I currently have some hand rearing mix (I use a syringe to feed, I feed from 'right to left' or vice versa.) which I have used previously for other chicks, and the solution is watery, with only a pinch of the mix in it. The little chick has been emptying it's crop quite quickly, every hour or two. We manage to feed it every couple of hours, and it regularly poos as well. From my previous experience with an abandoned Indian Ringneck parrot chick, it only made it to 1 week old before it unfortunately had sour crop, which I am now very wary of. The solution we feed the little cockatiel chick is always tested on our wrist to check the temperature and it is not too cool, but not too hot either. We are trying our best to monitor the chick's digestion, so hopefully it is alright for now. The chick is currently 2 days old, and if it survives yet another night, it shall be 3 days old tomorrow. Also, we may need a few pointers on when we may need to start thickening up the mix to feed the baby. 
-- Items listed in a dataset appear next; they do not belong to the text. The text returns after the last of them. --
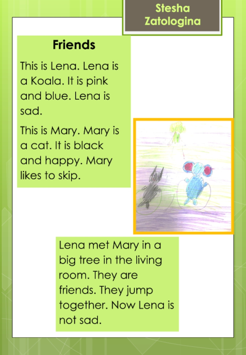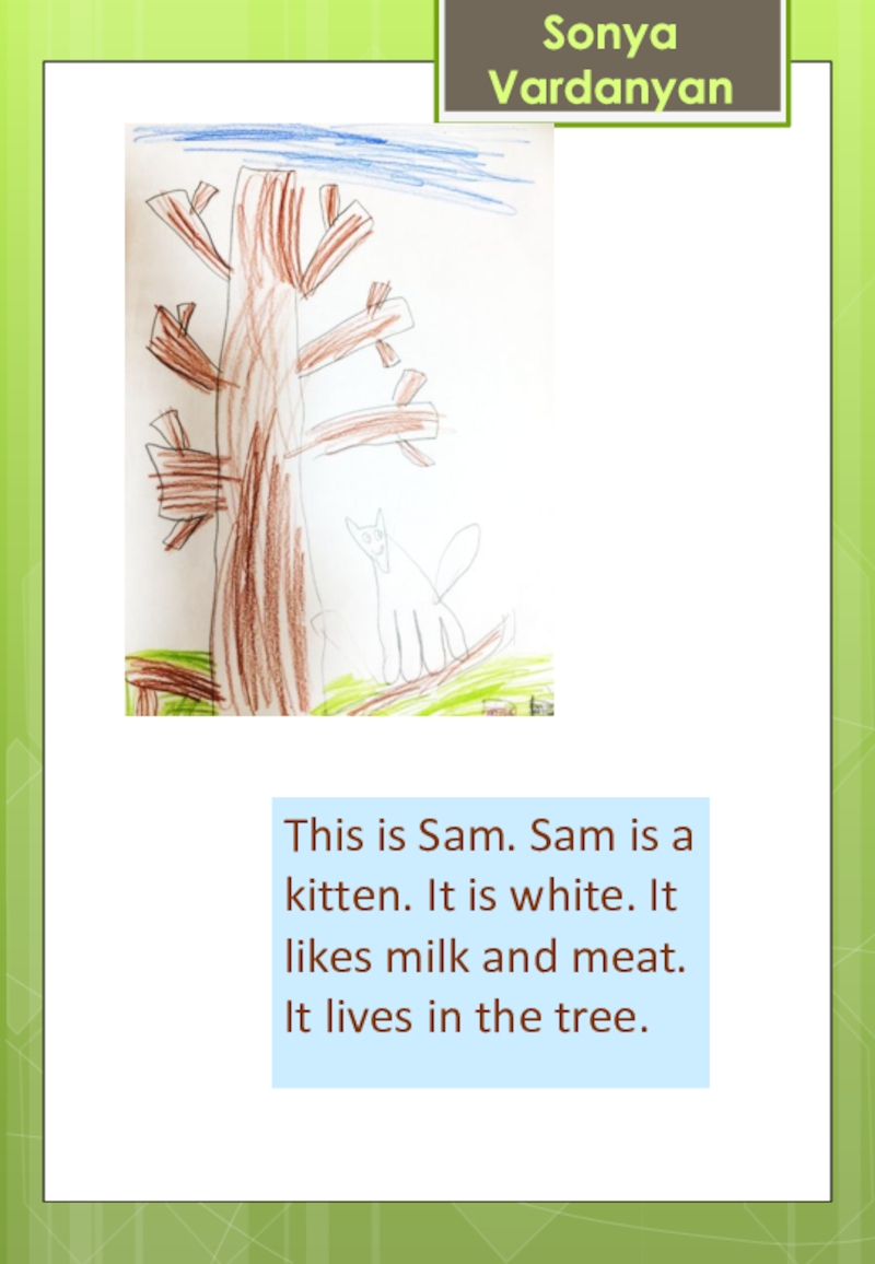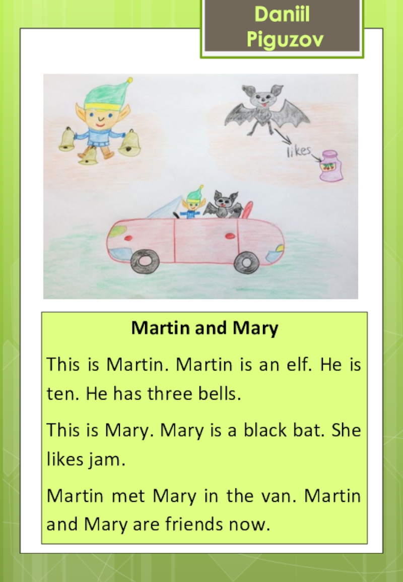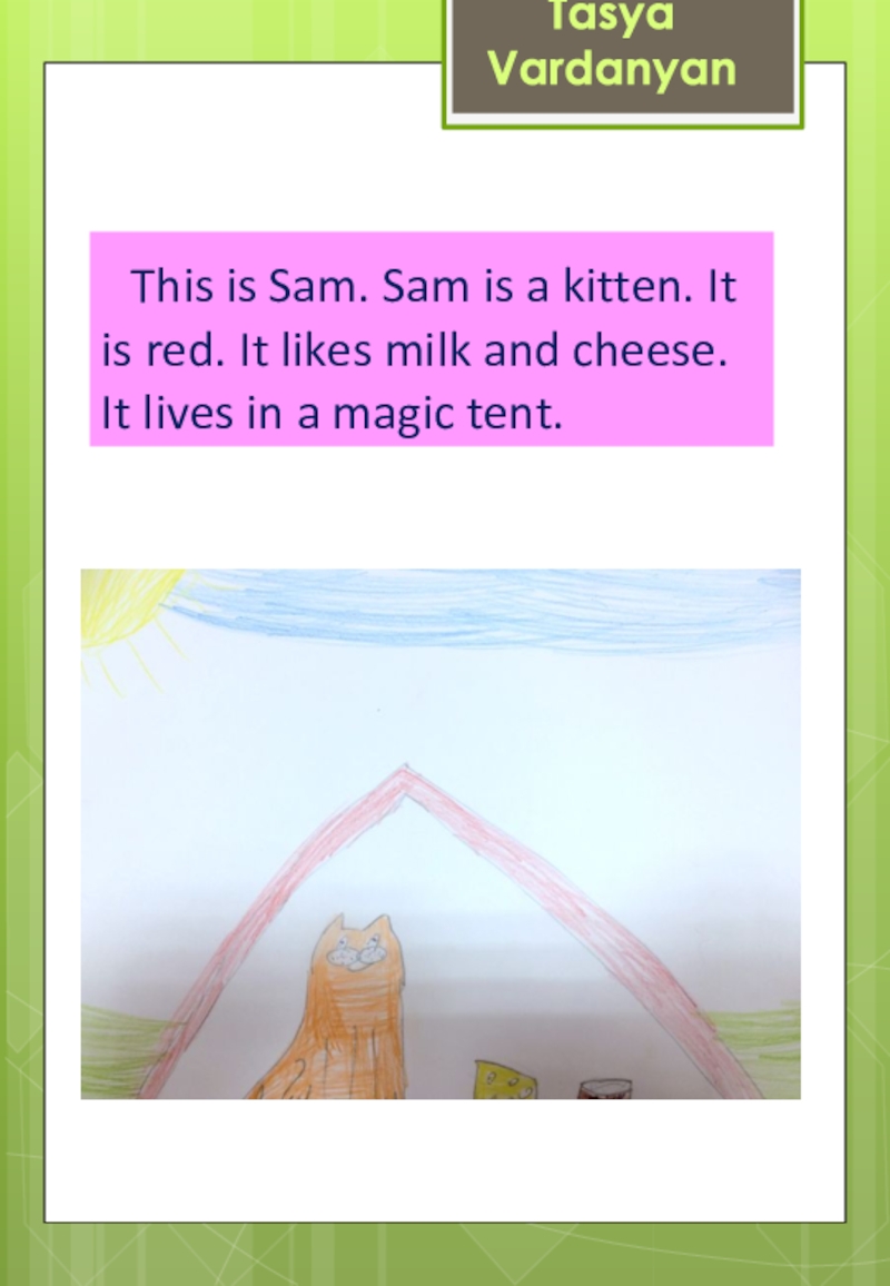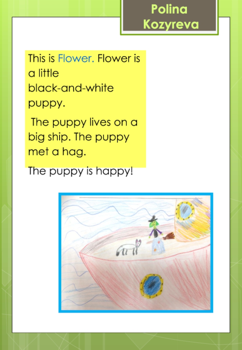 Kitty eats a very big cake. Dan dances. Fomka plays the piano. Lucy sings a happy song. Piggy ate (съел) ten cookies.
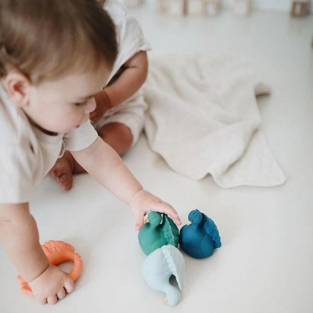 The Natruba peacock is easy to grip for small hands with different surfaces to encourage sensory play and the soft natural rubber easily satisfies all stages of sore gums. Teething and bath time just got so beautiful!
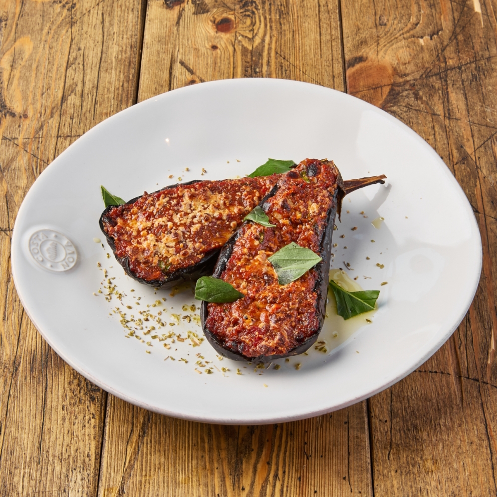 Баклажаны, масло подсолнечное, масло чесночное (масло подсолнечное, чеснок), петрушка, кинза, соль морская, перец черный, соус болоньезе (помидоры в собственном соку , говядина лопатка, лук репчатый, масло подсолнечное, морковь, вино красное, стебель сельдерея, паста томатная, соль морская, чеснок, розмарин, перец черный, тимьян, мускатный орех), сыр моцарелла для пиццы, сыр пармезан, масло оливковое, базилик-мини, орегано сухой сухой
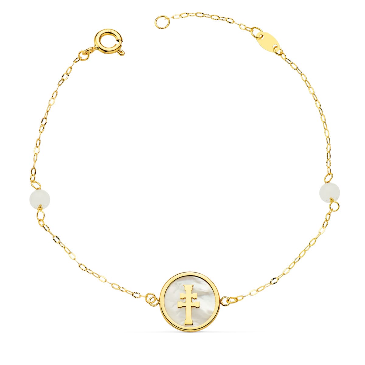 PULSERA NACAR CON CRUZ CARAVACA 12 MM Y BOLAS JADE 4 MM CADENA 18 + 2.5 CM
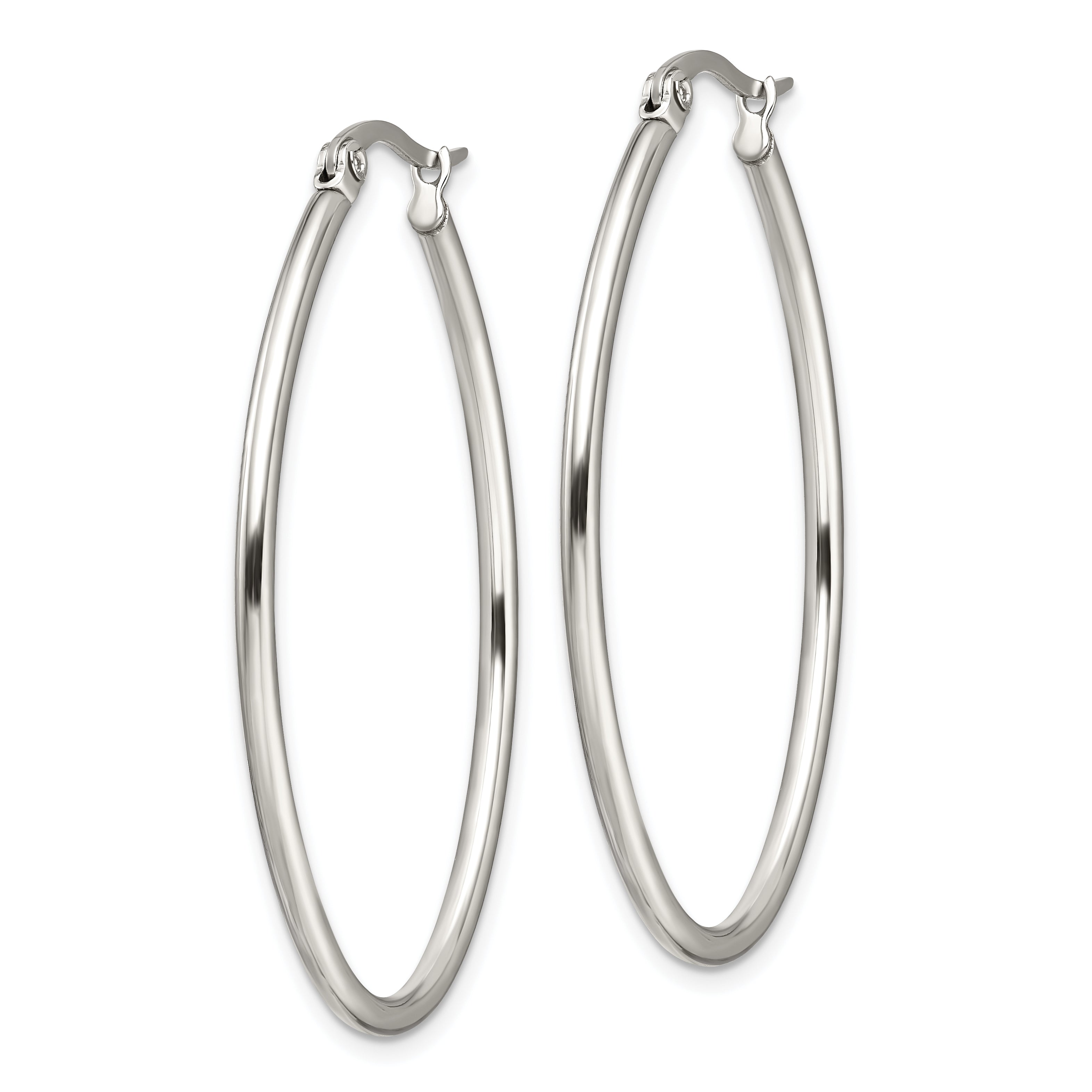 Chisel Stainless Steel Polished 30mm Diameter 2mm Oval Hoop Earrings
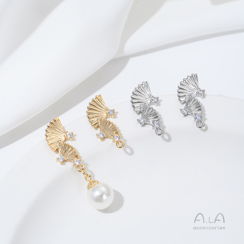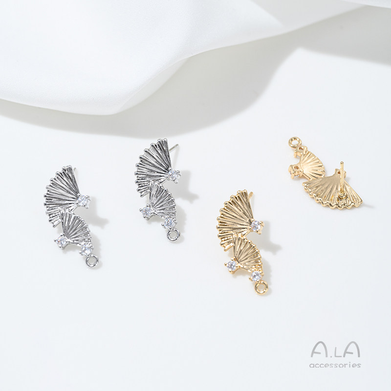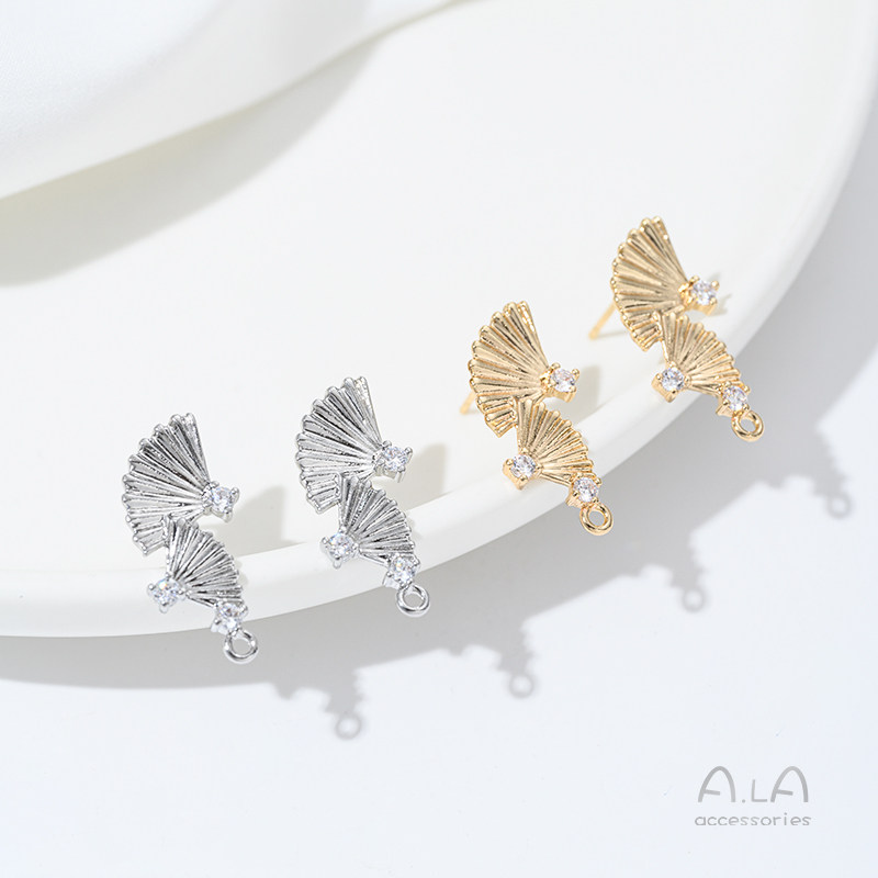 Ретро круглый веер с цирконом, украшение, серьги, 14 карат, золотой цвет, DIY

Also, with the setup we have currently got, the chick is currently living in a shallow cardboard box, with a hot water bottle (replaced every few hours or so) and a few old shirts and towels. If this is not safe for the baby to be living in, please tell me so that I can fix it up. 

Thankyou for reading this long post, I appreciate it. I am fully aware that the little chick has a slim chance of survival at the moment, but is currently strong, active, a strong healthy cheep, and attempts to grasp the syringe we use in order to pump it's food down. As I mentioned earlier, it seems to be digesting well with it's crop emptying regularly and pooing regularly too. Any help is greatly appreciated  


- note, since today, another chick has hatched out in the parent's nest box, currently monitoring it to see if the parents feed it. The older 8 week old chicks have been since removed, and are unseen by the parents, although they do communicate with each other. :grey tiel::wf cinnamon:


----------



## tielfan (Aug 31, 2008)

The best person to advise on this is srtiels aka Susanne. She's a moderator on this board but unfortunately isn't able to spend much time here. But she's frequently available on her Facebook page at https://www.facebook.com/groups/ICR.unite/ so I would recommend that you join that so you can get quick access if you need advice.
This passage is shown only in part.